The original version of "I Have Said Nothing" was designed to enable readers to navigate through the narrative using a variety of strategies: by using the cognitive map, selecting hot words in the text, relying on narrative defaults (the hypertext equivalent of print's narrative line), or viewing a menu of available paths. Unfortunately, it's presently virtually impossible to replicate on the Web the system of guardfield conditions that enabled readers to see as options only those paths which took them to destinations that had some meaning, some relevance due to where they'd already been. Nor is it possible for readers to explore the full complexity of the narrative--or the possibilities for interaction that accompany each segment--in this excerpt. In the full-blown version of "I Have Said Nothing," for instance, you can't stumble onto the death throes of a character and find yourself wondering, not only who the hell she is, but why you should give a good goddamn because the guardfields, the Boolean strings that specify what conditions you need to have satisfied in order to have the choice of exploring this path or that one, ensure you don't as much as glimpse these options until the narrative has prepared you for them.

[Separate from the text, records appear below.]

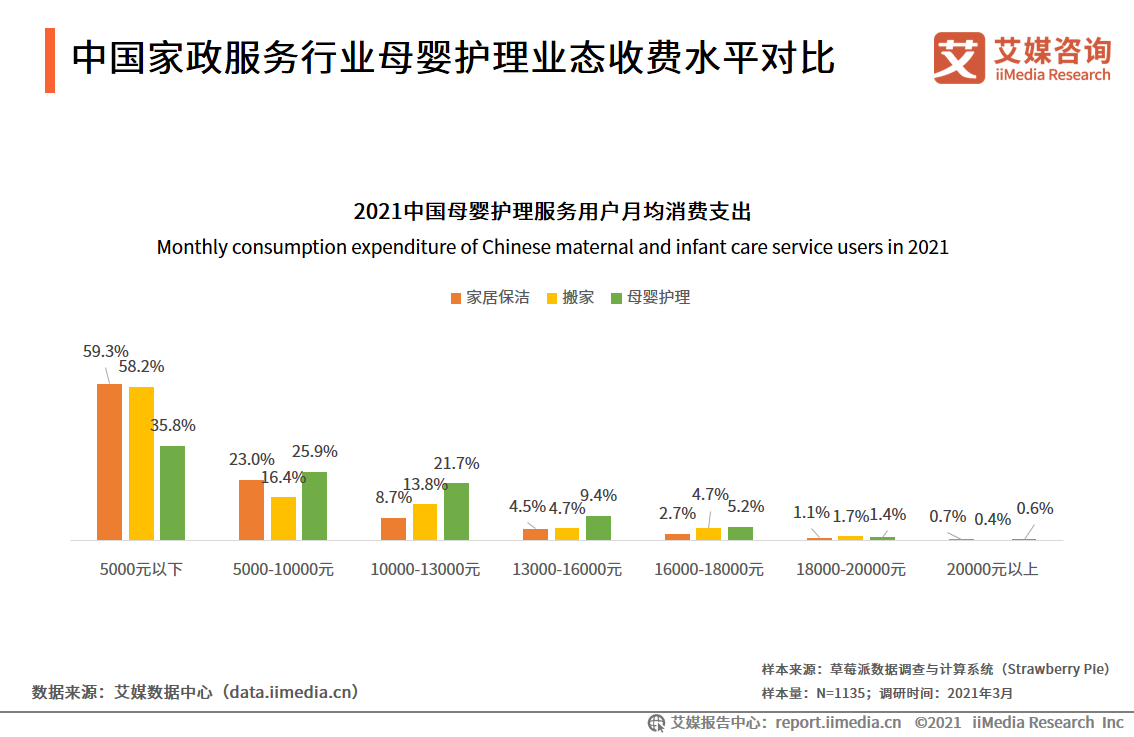 今年起,国家正式实施“三孩”政策,预计将会出现一波“三孩”小高峰。根据调查数据,母婴护理月均服务消费支出水平在家政服务当中是相当高的,月均消费在10000元以上的用户占比38.2%,16000元以上占比7.1%。“三孩”政策实施之后,母婴护理方面的家政需求只会有增无减。
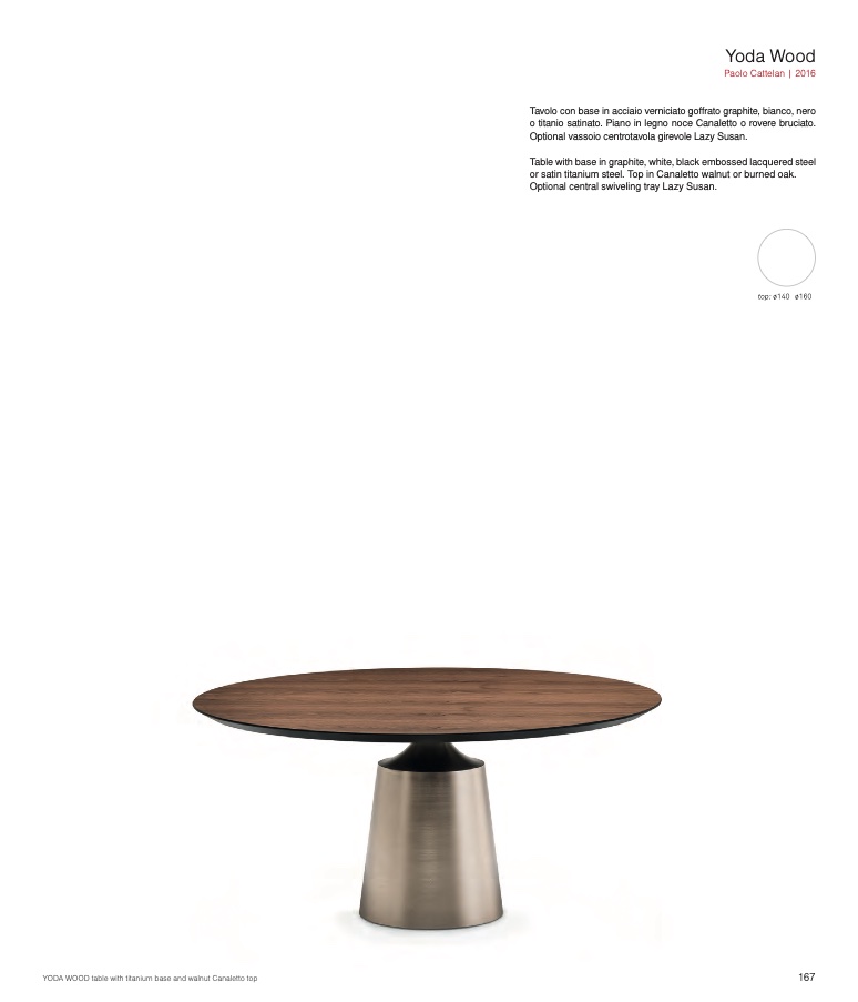 or satin titanium steel. Top in Canaletto walnut or burned oak.
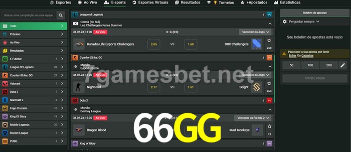 A aposta 66GG oferece aos jogadores a experiência mais conveniente de apostas em eSports!
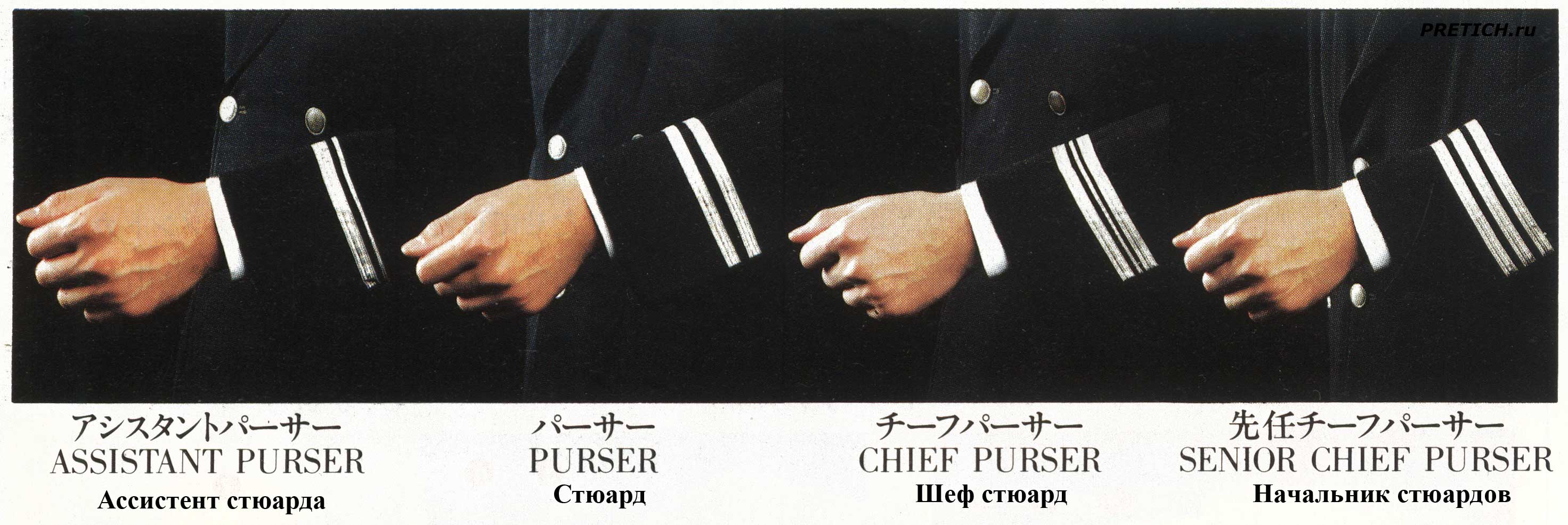 Нашивки на форменном мужском кителе для стюардов JAL - Japan Airlines, обозначающие деление на ранги.
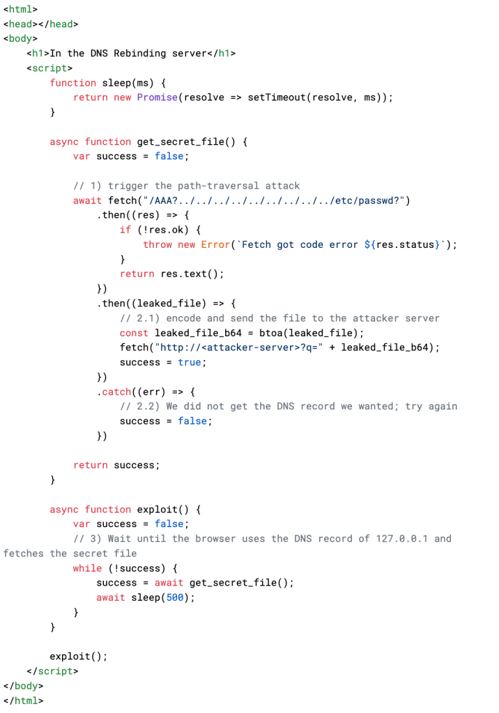 To steal a victim’s local files, we need to make them browse to the 7f000001.c0a80d80.rbndr.us URL, hoping that it will resolve to our server with the exploit. Then, our exploit page makes fetches with the path traversal attack on a loop until the browser makes a DNS request that resolves to the 127.0.0.1 IP; once it does so, we get the content of the sensitive file. Here is the commented exploit:
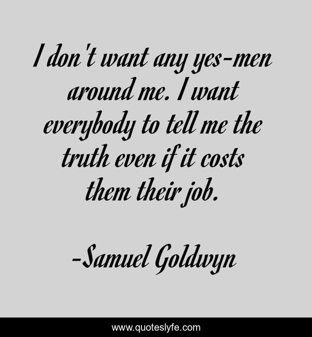 This page presents the quote "I don't want any yes-men around me. I want everybody to tell me the truth even if it costs them their job.". Author of this quote is Samuel Goldwyn. This quote is about me, job,.
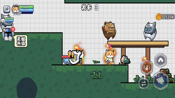 2、右下角可以移动小猫咪,在这里控制着猫咪跳跃闯关,躲避各种敌人;
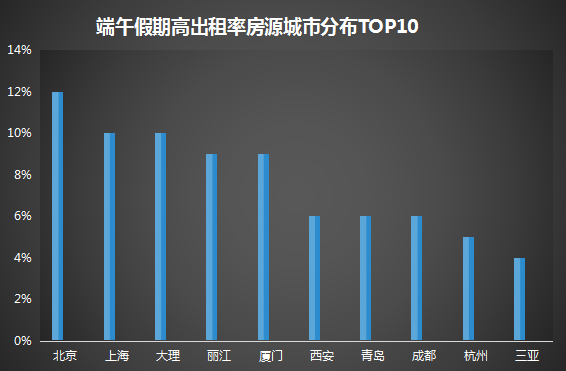 隨著季節(jié)變更,夏季氣溫持續(xù)走高,南方城市因為氣溫相對較低,成為端午假期出游人群的首選城市。據(jù)木鳥短租《 2017 端午出游住宿陳訴》顯示,假期期間,高出租率房源城市分布前十名里,南方城市占到了八成,尤其是上海、大理、麗江、廈門等清新文藝感十足的城市,更是受到出游群體的青睞。

To assist you in navigating through this excerpt
from "I Have Said Nothing," I've provided some rough approximations of the
Storyspace reader interface (and, as you'd expect of an excerpt, far fewer
links or possibilities for navigation than exist in the original). Links
listed under the icon depicting the El
are the
equivalent of default links: think of this movement as something analogous
to cranking the lever on a Steenbeck to keep the flickering film image going.

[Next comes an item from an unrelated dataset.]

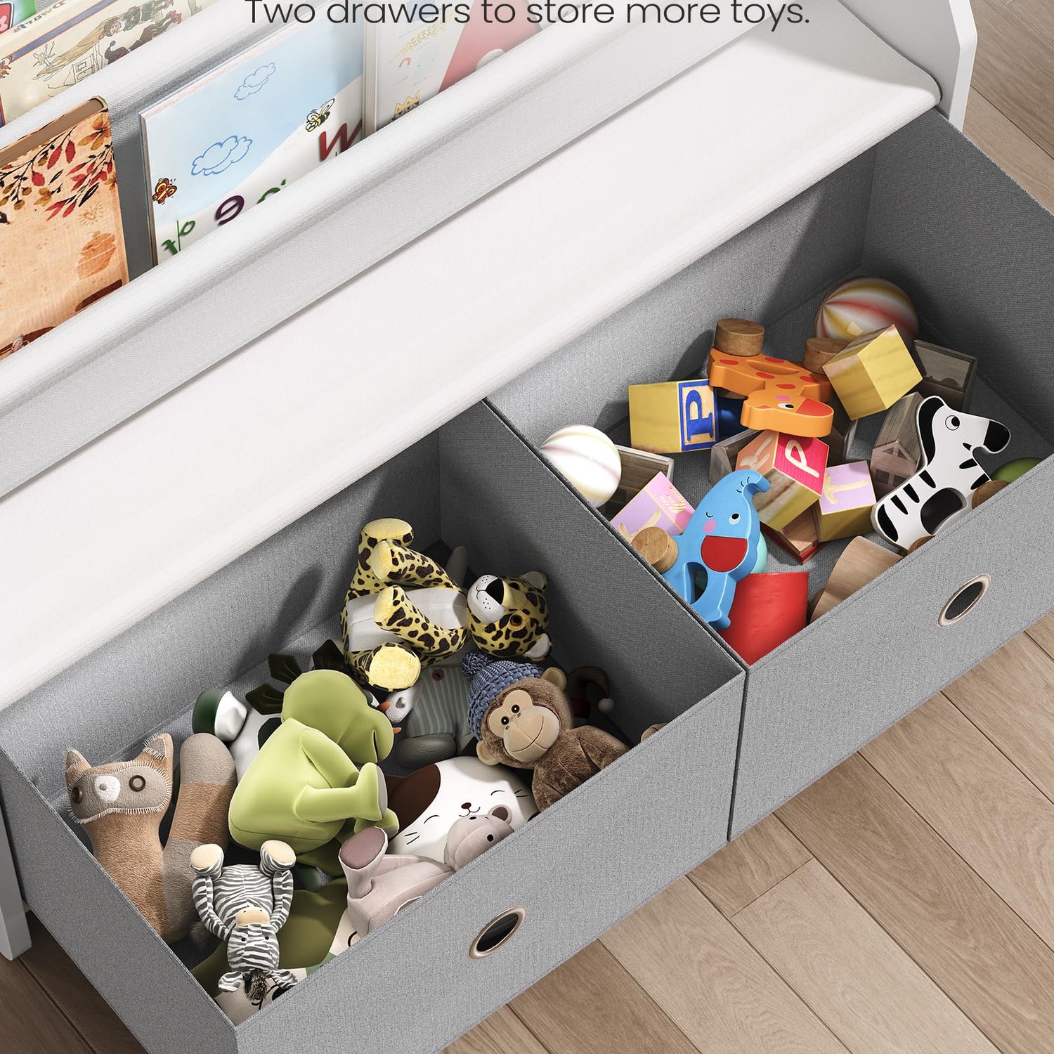 - Stylish and All-Match: Embracing a modern design, the bookshelf's white hue and gray accents create a refreshing and minimalist ambiance. It seamlessly blends into kid's rooms, study rooms, and living spaces, cultivating an enjoyable reading vibe
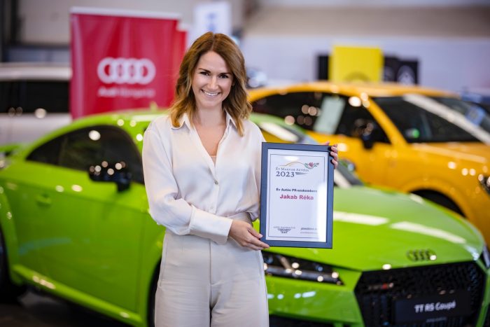 Az Év Magyar Autója versenyben a zsűri minden évben kiválasztja azt a PR-szakembert, aki egész éves szakmai tevékenységével kimagaslik a mezőnyből, illetve a versenyben nevező importőr, márka, autógyártó képviseletében a leginkább segíti a zsűri munkáját. A szakmai testület egyhangúlag neki ítélte oda az Év Autós PR-szakembere 2023 díjat. Ezen szakmai visszaigazolás pedig sokat jelent Jakab Rékának: „Őszintén szólva nem számítottam az elismerésre. Igyekszem mindig a tőlem telhető legjobban végezni a munkámat, és ha ezt elismerik, ráadásul egy országos szakmai díjjal, akkor az valóban nagyon jó érzéssel tölti el az embert.”

Links listed under the cloverleaf Interchange icon
are the
equivalent of the path options you'd find listed for each place, edited roughly
to approach the options you'd see in the original. And the icon that vaguely
resembles a double helix
--which is actually a cognitive map of the hypertext
excerpt--links you to overviews of the cognitive map, with the place you
currently occupy highlighted. A click of the binoculars icon
on this map will reveal a closeup of whatever narrative strand
you happen to be exploring.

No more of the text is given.